Cyrino J E, Mulvaney D R
Departamento de Produção Animal, ESALQ-USP, C.P. 09, Piracicaba, SP, Brazil.
Rev Bras Biol. 1999 Aug;59(3):517-25. doi: 10.1590/s0034-71081999000300017.
Bioassays were performed to assess the effects of different levels of growth medium supplementation with fetal bovine serum (FBS), fish fry extract (FE), combinations of FBS and FE, and addition of insulin-like growth factor I (IGF-I) and fibroblast growth factor (FGF) on the proliferation of brown bullhead catfish cells (BB line). Treatments (n = 4) were: 2.5, 5, 10, and 15.0% FBS or FE and 5/2.5, 5/5, 10/2.5, and 10/5 of a FBS/FE combination as supplement to the growth medium, or the addition of 0.1, 1, 2.5, 10, 25, and 75 ng/ml of either IGF-I or FGF to the growth media. Initial cell density was 1.1 x 10(6) cells per well on uncoated 24-well plates. Incubation temperature was 29.5 +/- 0.7 degrees C. Six hours after plating, initial culture medium was removed, plates rinsed with Dulbecco's phosphate buffered saline, treatment media added, and cells allowed to proliferate for 24 hours. Another bioassay was performed with rat myoblast omega cells (RMo) using the same levels of growth medium supplemented with FBS, FE and FBS/FE. Base growth medium was Dulbecco's MEM. The initial cell density was 7.2 x 10(6) cells per well, and the bioassay was carried out at 36.0 +/- 0.5 degrees C, on a 95% air, 5% CO2 incubator. Increasing levels of FBS had a positive effect (P < 0.05) on the proliferation of both BB and RMo cells. Increasing levels of FE had a negative effect (P < 0.05) on the proliferation of BB cells and totally inhibited the proliferation of RMo cells at any level of supplementation. Higher levels of FE on the FBS/FE combinations presented a negative effect on the proliferation of both BB and RMo cells (P < 0.05). Insulin-like growth factor I had a positive quadratic effect (P < 0.05) on the proliferation of BB cells. Apparently, mammalian growth factors slightly stimulated mitogenic activity in fish cells, while FE contained factors which inhibited the mitogenic activity of RMo and BB cell lines.

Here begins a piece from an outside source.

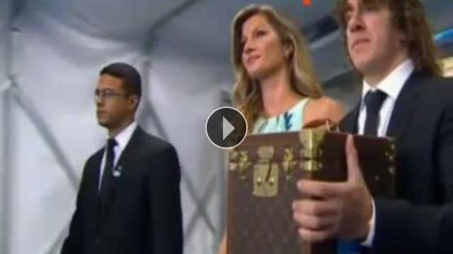 2014 Dünya Kupası Finali'nin ardından son şampiyon İspanya'nın kaptanı Carles Puyol ve Brezilyalı model Gisele Bündchen, kupayı birlikte sahaya getirdi.

进行了生物测定,以评估不同水平的添加胎牛血清(FBS)、鱼苗提取物(FE)、FBS与FE的组合以及添加胰岛素样生长因子I(IGF-I)和成纤维细胞生长因子(FGF)的生长培养基对褐首鲶细胞(BB系)增殖的影响。处理组(n = 4)为:2.5%、5%、10%和15.0%的FBS或FE,以及5/2.5、5/5、10/2.5和10/5的FBS/FE组合作为生长培养基的补充剂,或者向生长培养基中添加0.1、1、2.5、10、25和75 ng/ml的IGF-I或FGF。初始细胞密度为每孔1.1×10⁶个细胞,接种于未包被的24孔板中。孵育温度为29.5±0.7℃。接种6小时后,去除初始培养基,用杜氏磷酸盐缓冲盐水冲洗平板,加入处理培养基,使细胞增殖24小时。使用相同水平添加FBS、FE和FBS/FE的生长培养基对大鼠成肌细胞ω细胞(RMo)进行了另一项生物测定。基础生长培养基为杜氏MEM培养基。初始细胞密度为每孔7.2×10⁶个细胞,生物测定在36.0±0.5℃的95%空气、5%二氧化碳培养箱中进行。FBS水平的增加对BB和RMo细胞的增殖有积极影响(P < 0.05)。FE水平的增加对BB细胞的增殖有负面影响(P < 0.05),并且在任何补充水平下都完全抑制了RMo细胞的增殖。FBS/FE组合中较高水平的FE对BB和RMo细胞的增殖均有负面影响(P < 0.05)。胰岛素样生长因子I对BB细胞的增殖有正二次效应(P < 0.05)。显然,哺乳动物生长因子对鱼类细胞的有丝分裂活性有轻微刺激作用,而FE含有抑制RMo和BB细胞系有丝分裂活性的因子。